_Action item_
Apart from the pictures, every line below needs to be reproduced verbatim.

_Provided data_
--- START ---

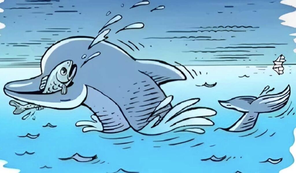 Η συνοδευτική εικόνα που… “λιώνει” το μυαλό δείχνει ένα δελφίνι να τρώει ένα ψάρι με ένα πλοίο σε απόσταση και φαινομενικά να μην φαίνεται άλλο ζώο.
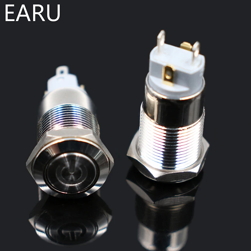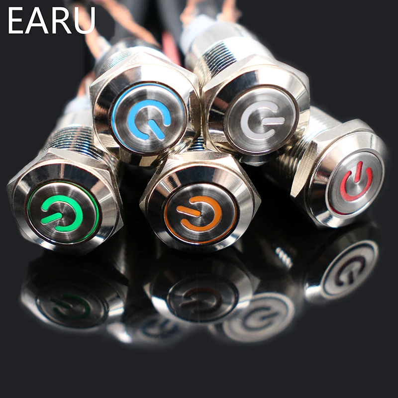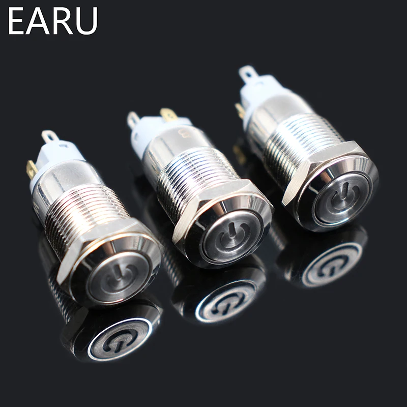 1pc Car Computer 12mm Latching Angel Eye Aluminum Metal LED Power NO Push Button Switch Self-locking Metal Switch Normally Open
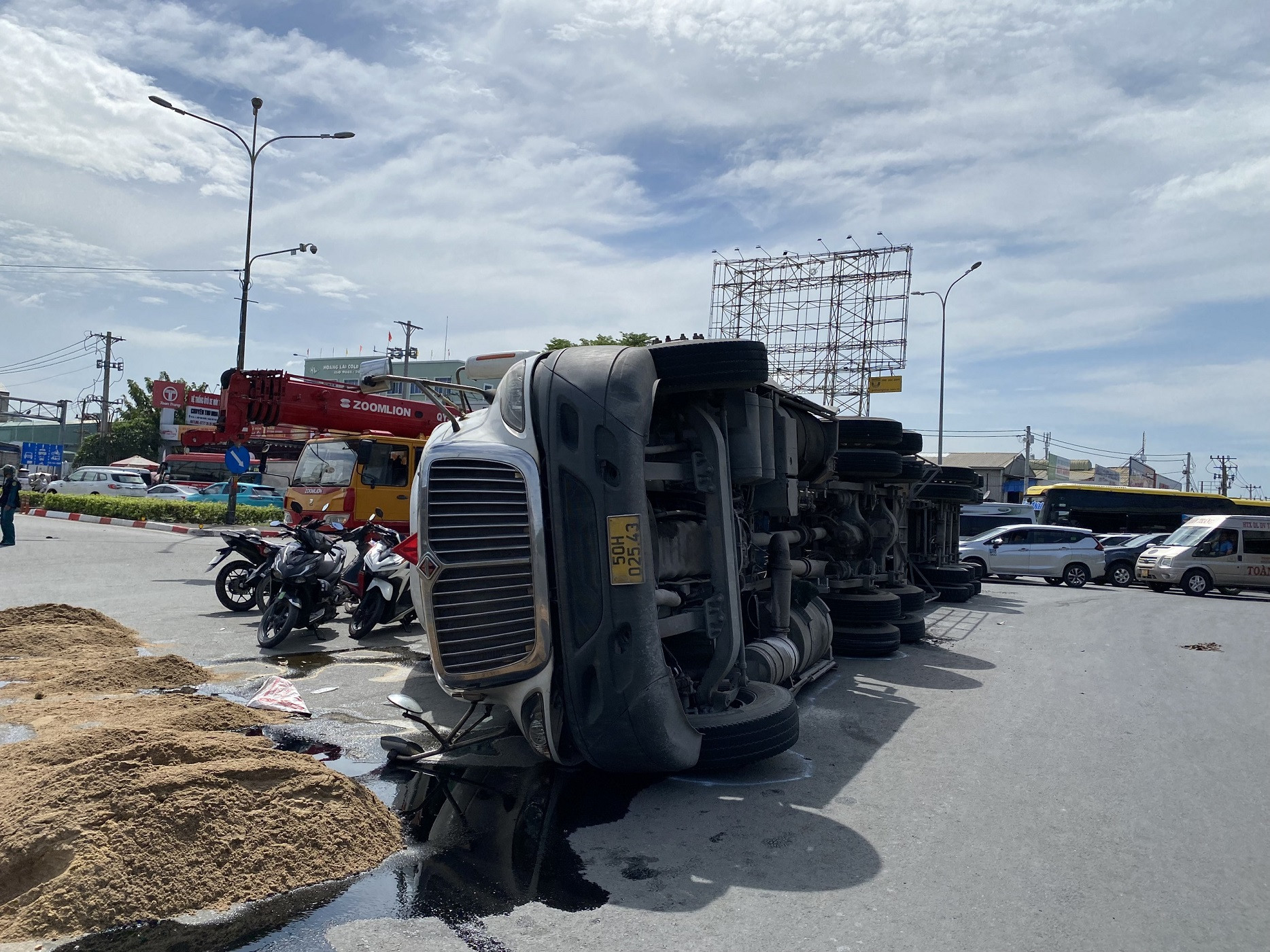 Trước đó, khoảng 11h cùng ngày, xe container BKS: 50H-025.43 kéo theo rơ moóc lưu thông trên Quốc lộ 13, hướng Bình Dương đi TP.HCM. Khi xe ôm cua về hướng Quốc lộ 1 thì bất ngờ lật ngang, phát ra tiếng động lớn giữa giao lộ đông đúc khiến nhiều người hoảng sợ. .
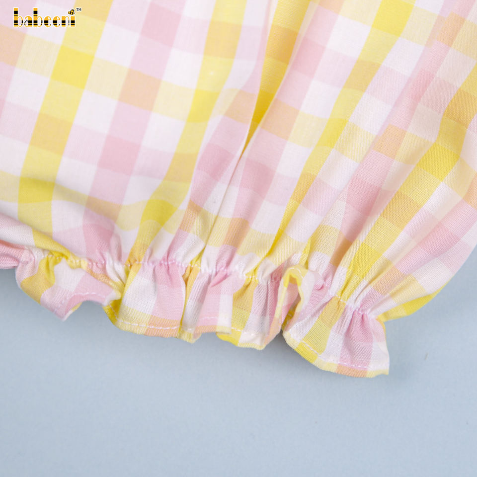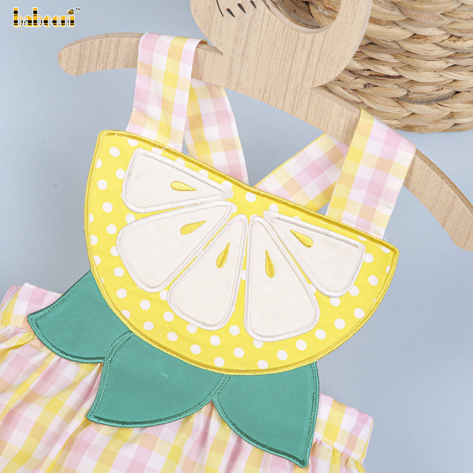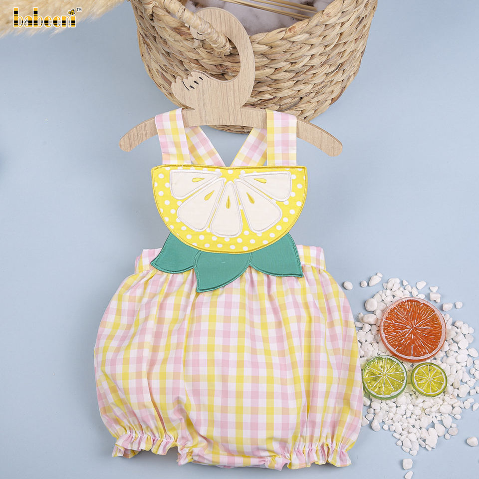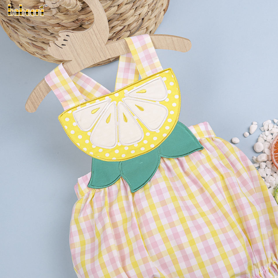 Jaune Citron Applique Bébé Bulle 100% Coton Biologique OEM ODM Smocké Barboteuse pour Girls-BB2730

--- END ---

_Reply to the exercise_
 Η συνοδευτική εικόνα που… “λιώνει” το μυαλό δείχνει ένα δελφίνι να τρώει ένα ψάρι με ένα πλοίο σε απόσταση και φαινομενικά να μην φαίνεται άλλο ζώο.
 1pc Car Computer 12mm Latching Angel Eye Aluminum Metal LED Power NO Push Button Switch Self-locking Metal Switch Normally Open
 Trước đó, khoảng 11h cùng ngày, xe container BKS: 50H-025.43 kéo theo rơ moóc lưu thông trên Quốc lộ 13, hướng Bình Dương đi TP.HCM. Khi xe ôm cua về hướng Quốc lộ 1 thì bất ngờ lật ngang, phát ra tiếng động lớn giữa giao lộ đông đúc khiến nhiều người hoảng sợ. .
 Jaune Citron Applique Bébé Bulle 100% Coton Biologique OEM ODM Smocké Barboteuse pour Girls-BB2730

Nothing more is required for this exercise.